Activity →
Only one span is wanted from the lines below: from the one with "- Plastic Stability: Override" up to and including the one with "- Low intracellular". Copy it exactly, without images.

Information given →

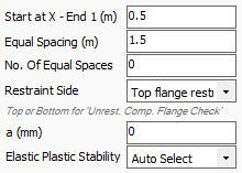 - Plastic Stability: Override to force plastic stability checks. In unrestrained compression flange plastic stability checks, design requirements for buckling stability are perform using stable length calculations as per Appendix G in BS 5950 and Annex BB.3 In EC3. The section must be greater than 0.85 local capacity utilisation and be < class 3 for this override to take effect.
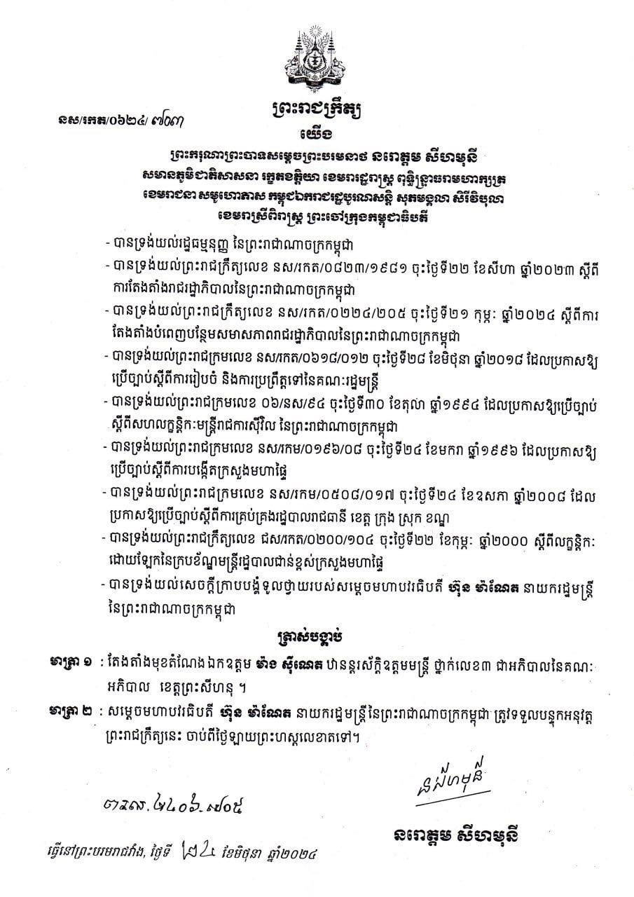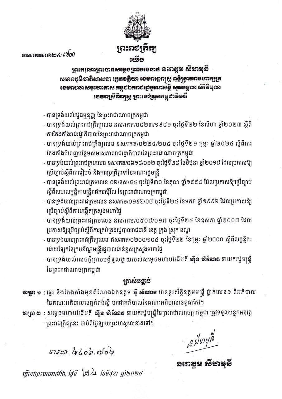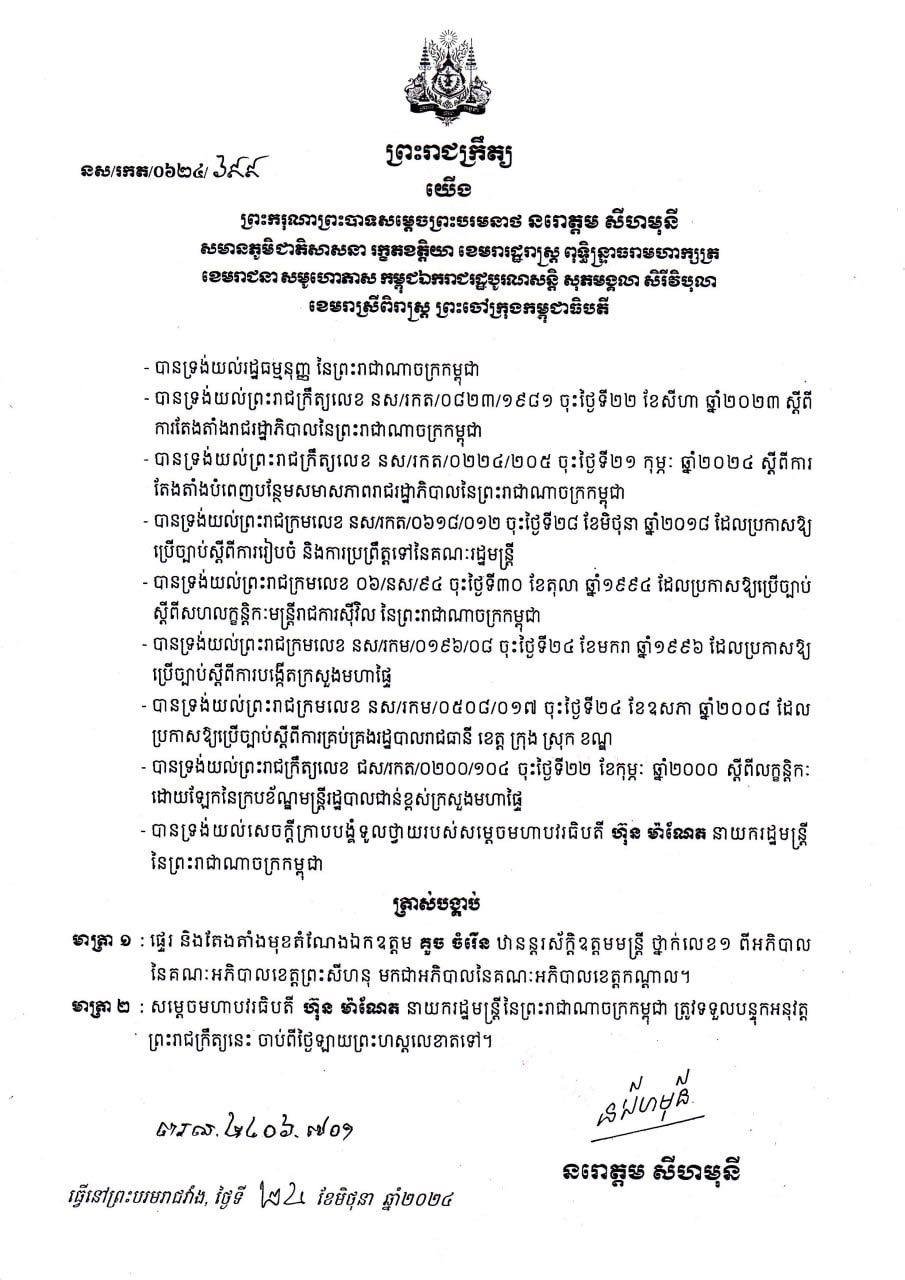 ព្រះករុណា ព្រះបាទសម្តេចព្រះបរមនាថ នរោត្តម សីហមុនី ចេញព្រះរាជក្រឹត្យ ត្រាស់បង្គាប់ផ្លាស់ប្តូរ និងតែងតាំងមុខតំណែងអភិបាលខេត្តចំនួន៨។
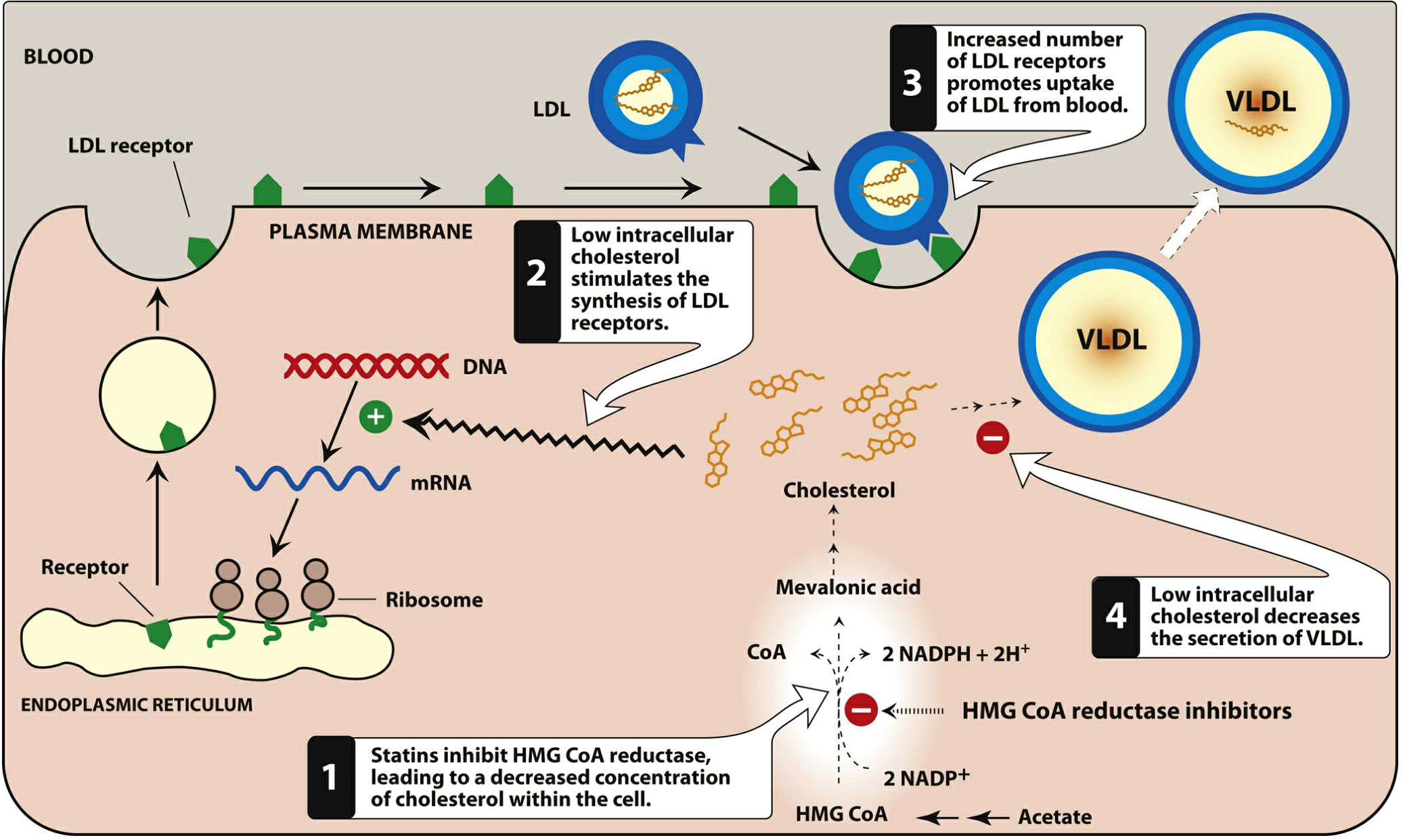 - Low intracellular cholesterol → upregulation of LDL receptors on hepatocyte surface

==

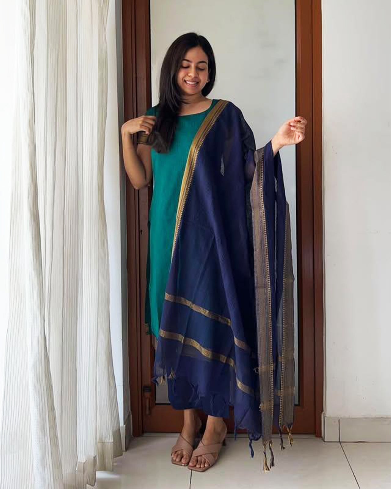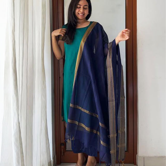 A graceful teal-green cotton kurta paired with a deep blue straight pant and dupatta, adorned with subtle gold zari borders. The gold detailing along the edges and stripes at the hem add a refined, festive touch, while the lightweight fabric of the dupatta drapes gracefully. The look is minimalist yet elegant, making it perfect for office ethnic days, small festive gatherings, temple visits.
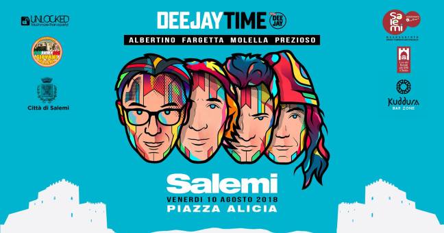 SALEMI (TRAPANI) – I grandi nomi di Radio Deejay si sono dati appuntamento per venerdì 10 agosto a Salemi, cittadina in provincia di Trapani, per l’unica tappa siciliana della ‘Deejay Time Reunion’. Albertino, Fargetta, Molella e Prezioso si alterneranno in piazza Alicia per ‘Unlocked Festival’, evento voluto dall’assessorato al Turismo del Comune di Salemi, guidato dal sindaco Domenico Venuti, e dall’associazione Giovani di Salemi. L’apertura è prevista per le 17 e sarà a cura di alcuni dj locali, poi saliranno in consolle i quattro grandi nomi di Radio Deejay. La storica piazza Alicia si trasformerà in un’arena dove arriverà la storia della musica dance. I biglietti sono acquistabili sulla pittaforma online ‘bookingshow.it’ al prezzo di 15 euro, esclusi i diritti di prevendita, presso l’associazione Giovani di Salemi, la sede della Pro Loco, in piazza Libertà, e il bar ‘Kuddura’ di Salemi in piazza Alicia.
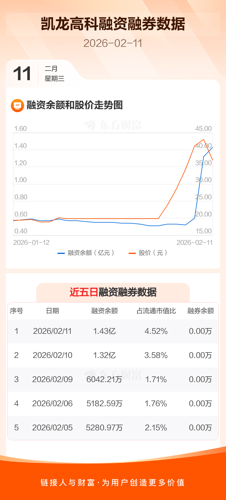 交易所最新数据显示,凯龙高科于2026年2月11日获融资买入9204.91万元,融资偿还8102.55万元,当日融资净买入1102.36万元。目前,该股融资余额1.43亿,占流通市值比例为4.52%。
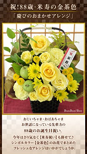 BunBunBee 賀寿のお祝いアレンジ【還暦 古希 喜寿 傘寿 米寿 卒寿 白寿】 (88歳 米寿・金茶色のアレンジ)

Result for this task →
 - Plastic Stability: Override to force plastic stability checks. In unrestrained compression flange plastic stability checks, design requirements for buckling stability are perform using stable length calculations as per Appendix G in BS 5950 and Annex BB.3 In EC3. The section must be greater than 0.85 local capacity utilisation and be < class 3 for this override to take effect.
 ព្រះករុណា ព្រះបាទសម្តេចព្រះបរមនាថ នរោត្តម សីហមុនី ចេញព្រះរាជក្រឹត្យ ត្រាស់បង្គាប់ផ្លាស់ប្តូរ និងតែងតាំងមុខតំណែងអភិបាលខេត្តចំនួន៨។
 - Low intracellular cholesterol → upregulation of LDL receptors on hepatocyte surface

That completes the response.